### Task instructions:
Print all the data below exactly, without images.

### Dataset content:
<<<<
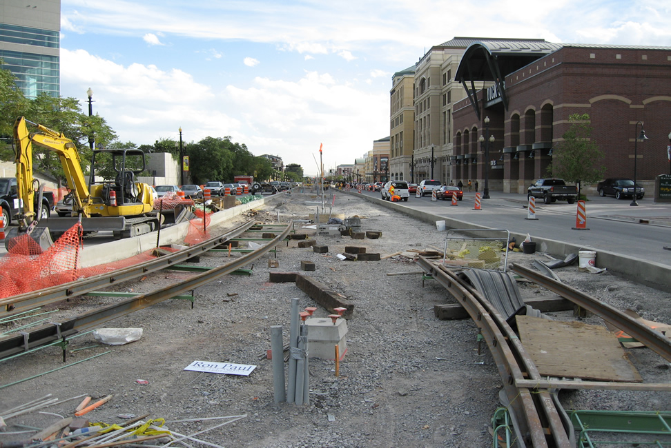 Looking from previous vantage point, farther south down 400 West Street in SLC. Note that even though Trax is in the street, in has a separate right of way. The tracks will be covered with concrete panels. The only time Trax shares roadway with autos is in the case of some left turn lanes.
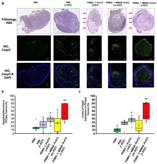 2.5. PSMA-1-MMAE-Pc413 with PDT Caused More Tissue Damage
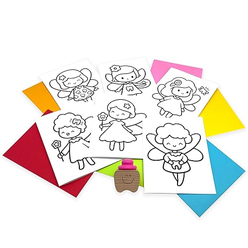 Our kids loved writing a Tooth Fairy letter, so this kit includes a set of 6 coloring cards with sweet illustrations of tooth fairies to color and write a note inside (or the "tooth fairy" could write a note to the child) and the child can color the card. There is space on the back for the child's name and age.
>>>>
### Completed exercise:
 Looking from previous vantage point, farther south down 400 West Street in SLC. Note that even though Trax is in the street, in has a separate right of way. The tracks will be covered with concrete panels. The only time Trax shares roadway with autos is in the case of some left turn lanes.
 2.5. PSMA-1-MMAE-Pc413 with PDT Caused More Tissue Damage
 Our kids loved writing a Tooth Fairy letter, so this kit includes a set of 6 coloring cards with sweet illustrations of tooth fairies to color and write a note inside (or the "tooth fairy" could write a note to the child) and the child can color the card. There is space on the back for the child's name and age.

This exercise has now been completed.